* Your objective: Would you please retype, exactly, the lines of the listing below between the line with "<マッシュポテト>のジャガイ" and the line with "Source: © Studio", inclusive?

* Records shown:
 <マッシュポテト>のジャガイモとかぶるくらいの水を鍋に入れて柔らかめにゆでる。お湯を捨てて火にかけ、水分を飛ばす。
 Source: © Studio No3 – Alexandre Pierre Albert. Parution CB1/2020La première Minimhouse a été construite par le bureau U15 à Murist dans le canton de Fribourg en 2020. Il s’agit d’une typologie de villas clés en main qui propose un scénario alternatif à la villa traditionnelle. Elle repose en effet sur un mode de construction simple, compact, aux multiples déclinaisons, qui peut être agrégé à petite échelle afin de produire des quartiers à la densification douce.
* * *
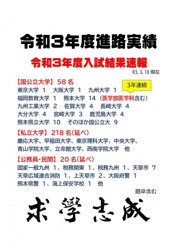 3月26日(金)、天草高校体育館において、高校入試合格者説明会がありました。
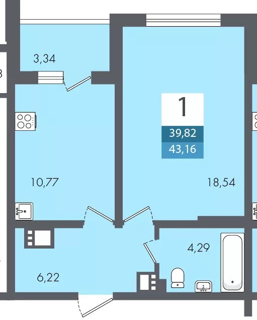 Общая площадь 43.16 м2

* Output for this task:
 <マッシュポテト>のジャガイモとかぶるくらいの水を鍋に入れて柔らかめにゆでる。お湯を捨てて火にかけ、水分を飛ばす。
 Source: © Studio No3 – Alexandre Pierre Albert. Parution CB1/2020La première Minimhouse a été construite par le bureau U15 à Murist dans le canton de Fribourg en 2020. Il s’agit d’une typologie de villas clés en main qui propose un scénario alternatif à la villa traditionnelle. Elle repose en effet sur un mode de construction simple, compact, aux multiples déclinaisons, qui peut être agrégé à petite échelle afin de produire des quartiers à la densification douce.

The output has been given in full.